Every feature even when deactivated has a cost: poorer ergonomic design, compromised de-activated function (I'm thinking particularly of the dismal viewfinders of AF cameras) and each feature is is an opportunity for Murphy's Law to rear it's famous head.
This is a fallacy. The way it works according to economic reality is: the more features, the more attractive the item becomes to the public at large, and the more units are sold. As a consequence, the cost becomes lower or the quality becomes higher at the same cost. Just because you personally may have no use for a particular feature, does not mean that no-one else does. For example, I never shoot in jpeg mode with a DSLR. However, I don't find the option to shoot jpeg a disadvantage in any way, nor do I think such an option could contribute towards camera mal-function.

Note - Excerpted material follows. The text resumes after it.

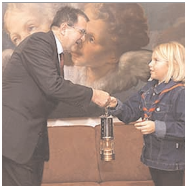
Betlémské světlo předávají děti i v Evropském parlamentu

Zveme vás ke spolupráci a k účasti na tomto pražském setkání a vyzýváme vás rovněž k uspořádání podobných setkání i na dalších místech naší republiky. (Další podrobnější informace je možno získat na sekretariátu ERC v ČR.)

However, this is not always the case. A particular feature which puts more stress on a mechanical component in the camera may contribute towards its mal-function. For example, after about 100,000 shots with my Canon 5D, the mirror fell off. I don't believe this was due to the actual quantity of shutter actuations but due to my frequent use the 'autobracketing-of-exposure' feature which causes the mirror to flip up and down rapidly 3 times at each press of the shutter button.
If you had no use for such a feature, preferring an accurate exposure reading from a hand-held Weston, as Rob does, then your mirror is not likely to fall off as a result of
not using the autobracket feature.
Have you ever tried focussing using live view with an active subject?
Any type of accurate manual focussing with an active subject is difficult. Autofocussing is a relatively modern feature in cameras. I renewed my interest in Photography about 25 years ago with the purchase of the first autofocus SLR, the Minolta Maxxum 7000. I later switched to Canon because of another great feature, Image Stabilisation.
Which is exactly why I favor a good optical viewfinder over AF or live view.
Please enlighten me. I've never heard of any optical viewfinder that is a patch on the Canon LiveView system, provided you are able to use a tripod. (A monopod might be too much of a compromise).
The image on my 50D LiveView screen can be magnified 10x for the most accurate of manual focussing. That means, in effect, when you are using a 400mm lens that fills the screen with, say, the body of a bird, you can magnify the scene 10x which is equivalent to looking at the bird with a 4,000mm lens. It's eyeball fills the screen. Whether or not the bird will sit still long enough for you to accurately focus on its 3rd eyelash to the right of its left eye, is another matter. (Okay! Birds may not have eyelashes. Could we say they have eye bristles? ).
If you're obsessed with resolution you might be better off eschewing AF altogether.
If I were very obsessed I probably would, but I'm only a bit obsessed.
It would be absolutely useless to me. For the 1/10 of a second a bird's posture is what I want, I want accurate focus. Not accurate focus on the exposure before or the exposure after. Accuracy beats spray & pray.
Now! now! Doug, I can't believe that. First, there's no exposure before, only exposures after. The shot which is a fraction of a second immediately after the one envisaged (or the second or third or 4th or 5th one after) might not only be the perfectly focussed shot, but the preferred posture and composition. Some of the greatest shots in the history of photography have been fortuitous accidents
Nevertheless, irrespective of whether or not one's camera has the feature of autofocus bracketing, one would like the camera to have as accurate a focus as possible on that first shot. As far as I know, absolute auto-focussing accuracy does not exist, but manual focussing of a 10x enlarged image on a high resolution LiveView screen is the next best thing.